Nicolas Vervelle <nvervelle <at> gmail.com> writes:
My own preference would be to have this in the core for several reasons.
[...]
Yes, the core code already handles disambiguation pages specially in some ways (Special:Disambiguations, MediaWiki:Disambiguationspage). But it treats them as exceptional cases - a bit of a hack.
Proposal:
A fundamentally more robust and flexible way to handle disambiguation pages would be to move them all into their own namespace.
For example, http://en.wikipedia.org/wiki/Bow and http://en.wikipedia.org/wiki/Bow_(disambiguation) could both redirect to http://en.wikipedia.org/wiki/Disambiguation:Bow
This would make it much more consistent with the ordinary wikipage functions and internationalization, as well as making it easy to programmatically identify disambiguation pages without affecting the database schema.
Though there would initially be some upheaval as pages were moved in bulk, the result would be stabler.
One drawback is that dab pages from all namespaces would end up in the new "Disambiguation" namespace.
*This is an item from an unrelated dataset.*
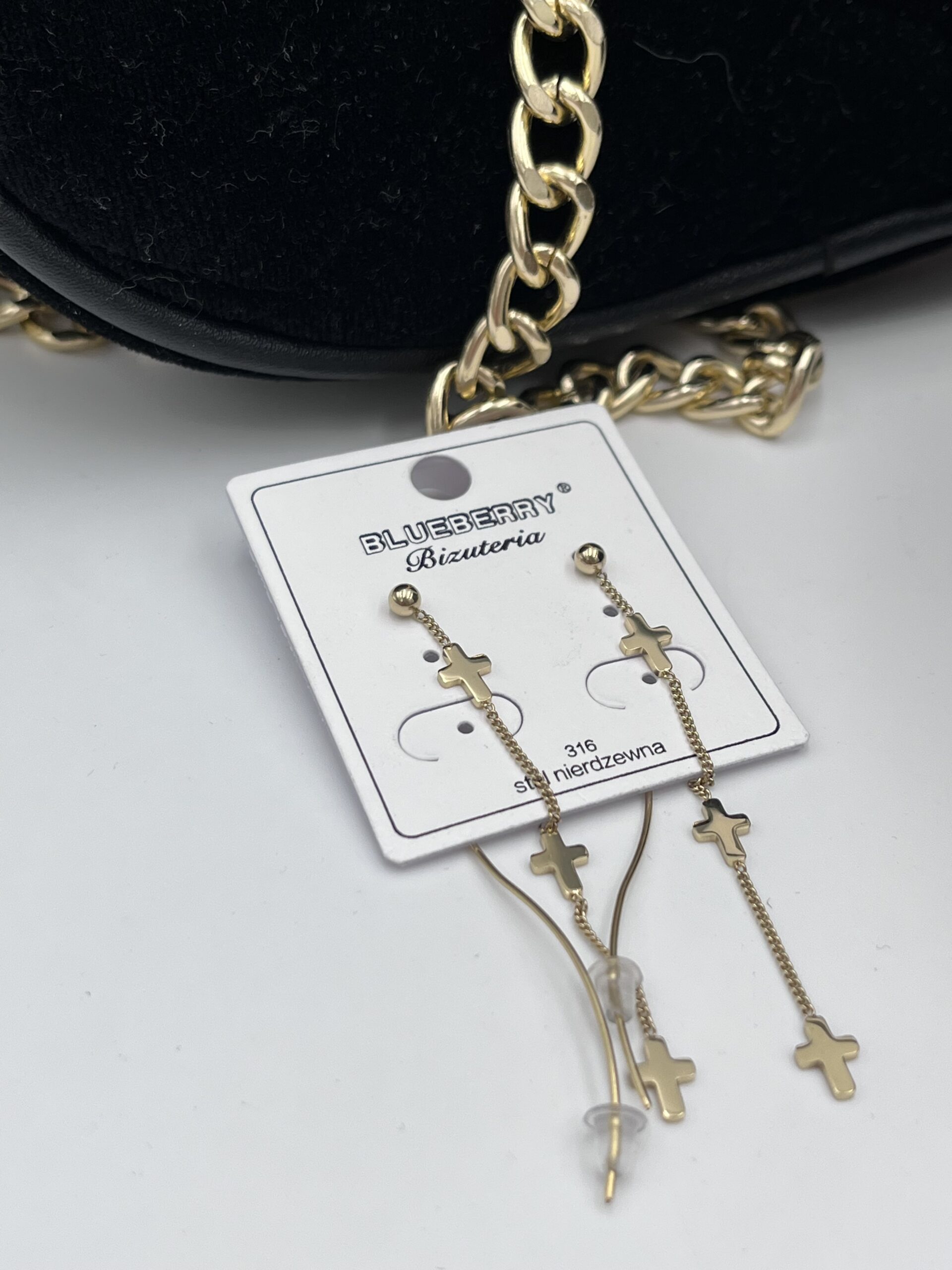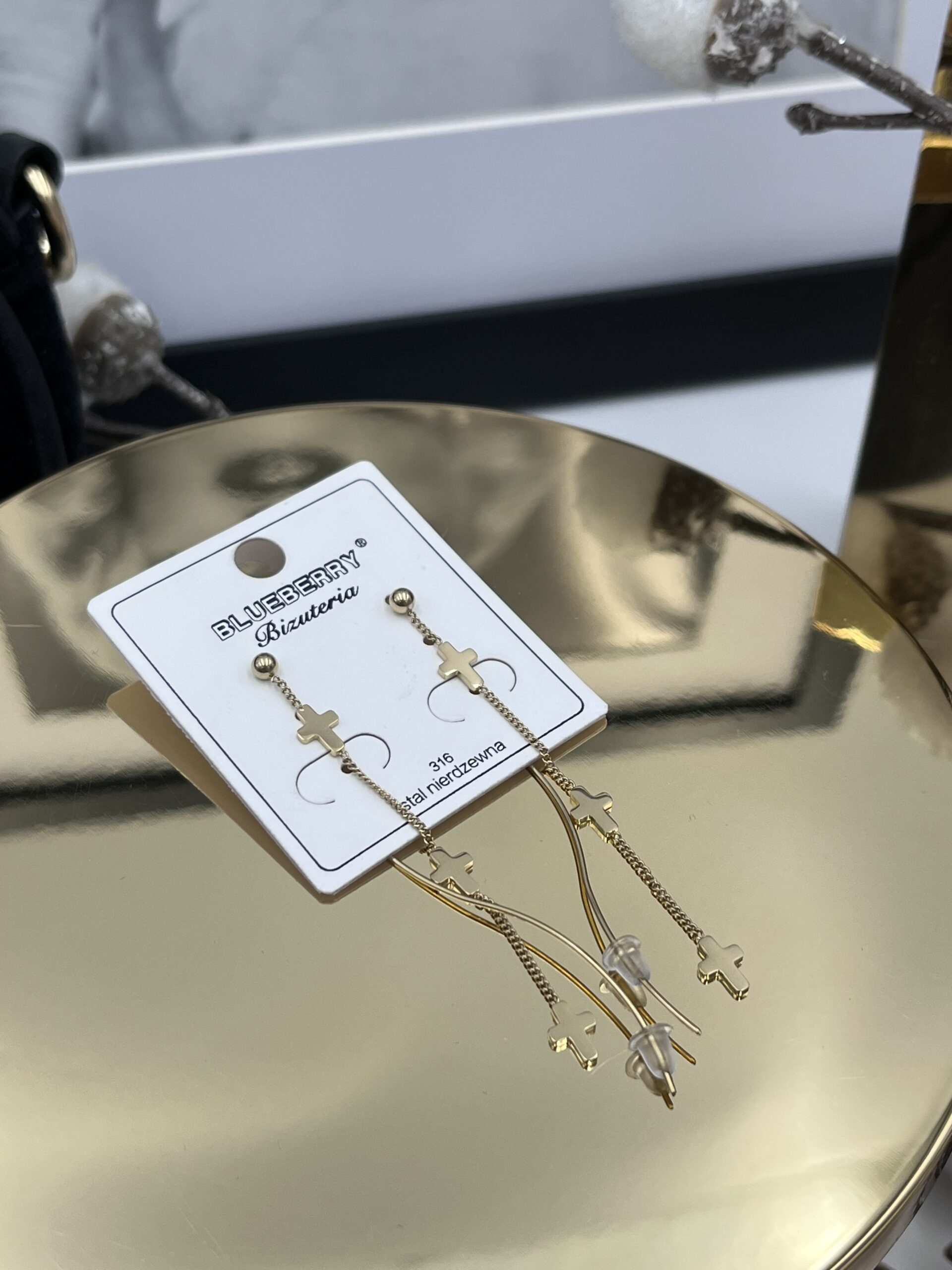 Kolczyki krzyże krzyżyki stal 316L złote

So, http://en.wikipedia.org/wiki/Portal:Football would redirect to http://en.wikipedia.org/wiki/Disambiguation:Portal:Football That is not a major problem, as it is easy to identify pages beginning with "Disabiguation:Portal:" etc, though it makes it harder to list mainspace dabpages (they would have to be identified by eliminating valid namespace prefixes from the pagename). A similar cross-namespace shadow hierarchy already exists at Template:Editnotices/Page/ for edit notices.
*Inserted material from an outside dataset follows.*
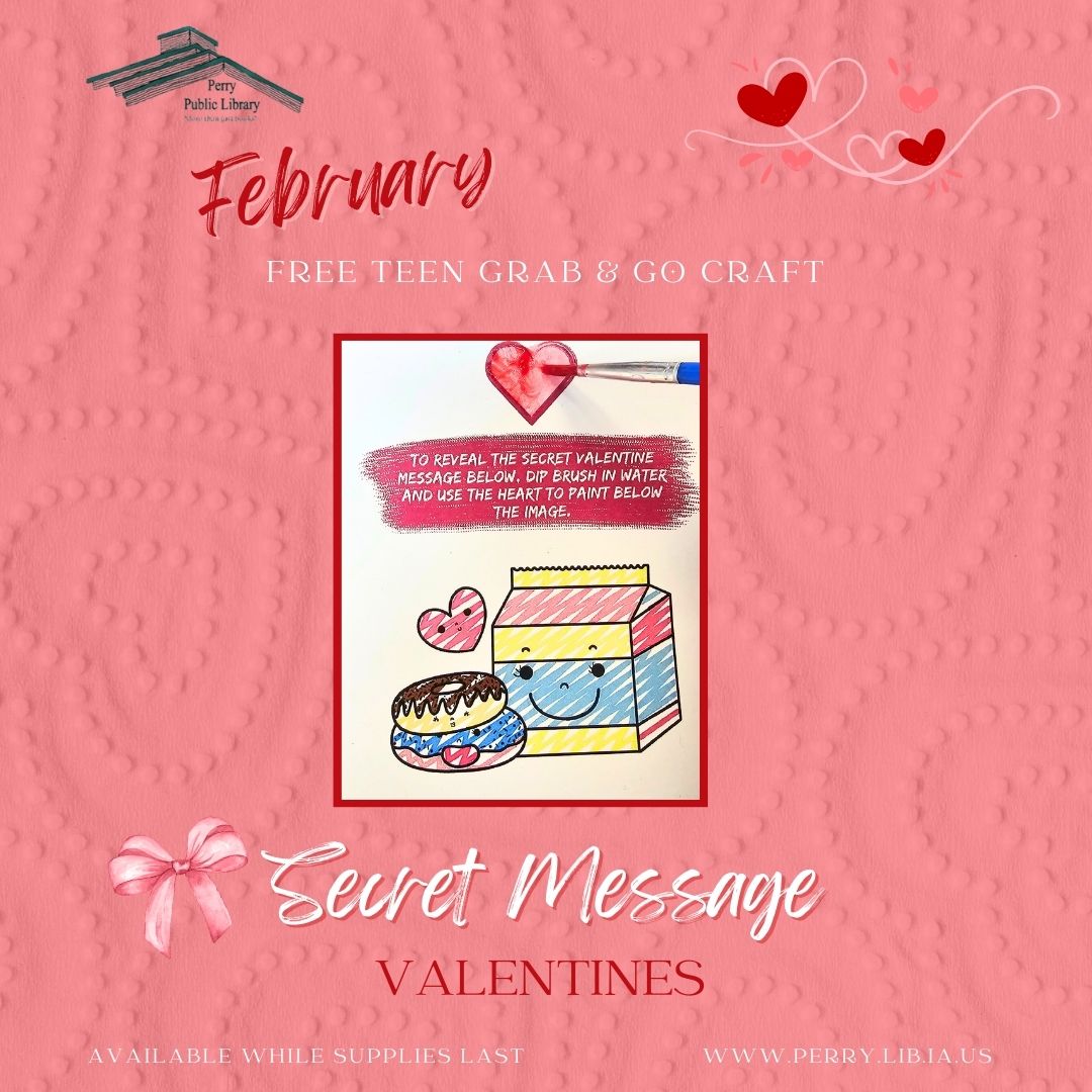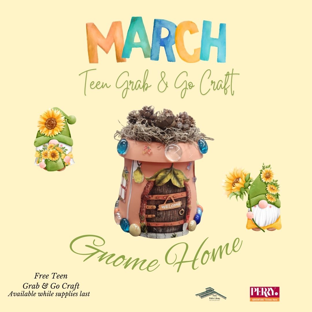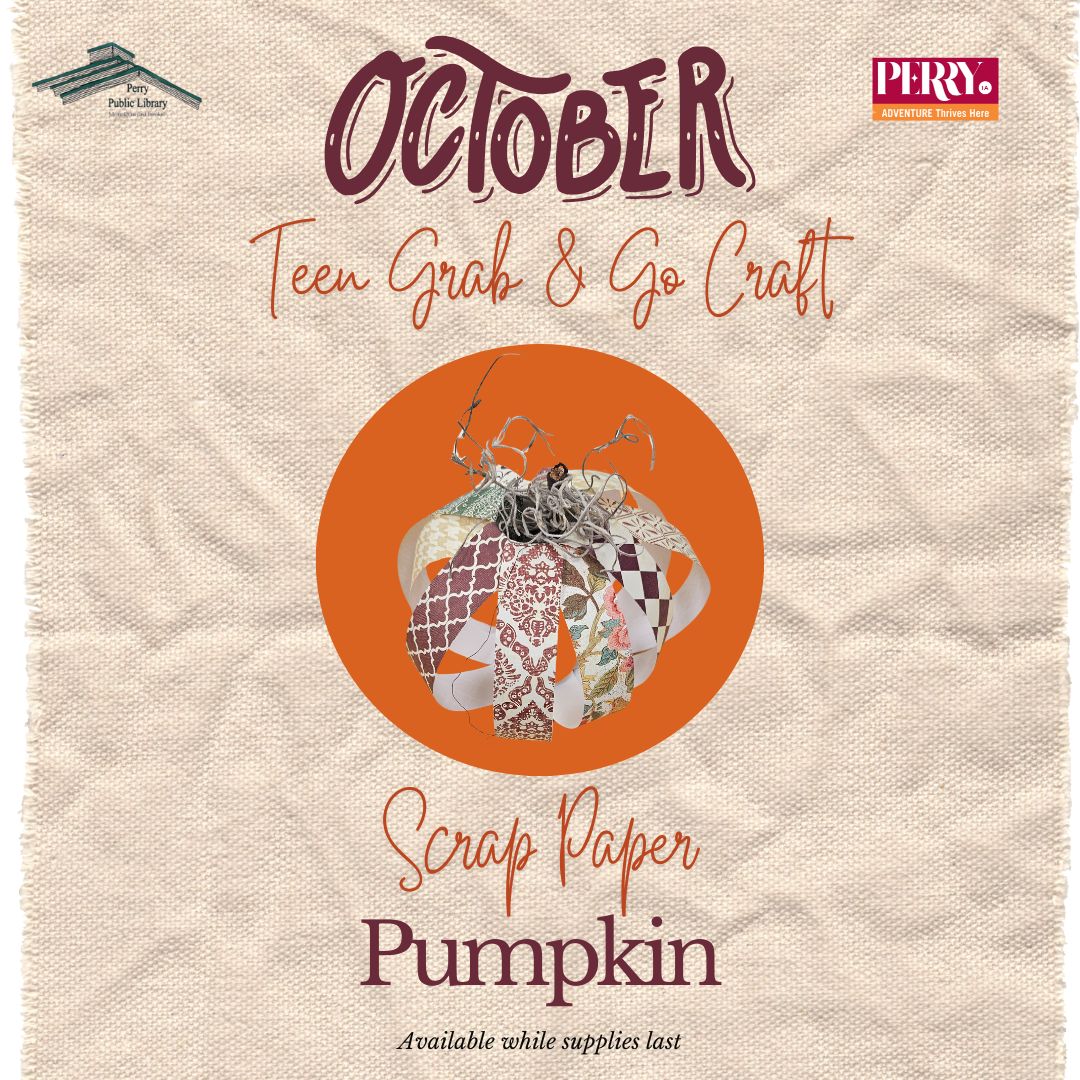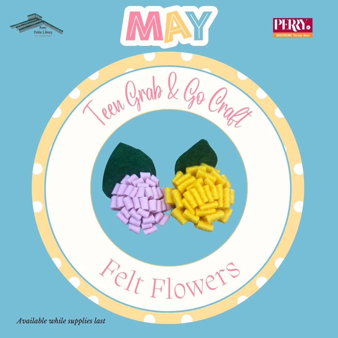 Each month, Perry Public Library will offer a new Teen Grab & Go Craft Kit! These Free, DIY kits are available for in-person pick-up at the library. Instructions for past Grab and Go Teen Crafts will be posted here in the Grab and Go Craft Archive.

After the initial bulk creation, a bot would need to check for new dab pages that needed moving into the dab namespace, and for new pages in the dab namespace that lacked a redirect in the relevant non-dab namespace. Alternatively, the need for separate redirect pages could be obviated if MediaWiki automatically redirected browsers when a corresponding dab-namespace exists (but this would be a departure from the existing practice of having all redirects as editable wikipages).
Individual wikis would be free to opt out of the new approach.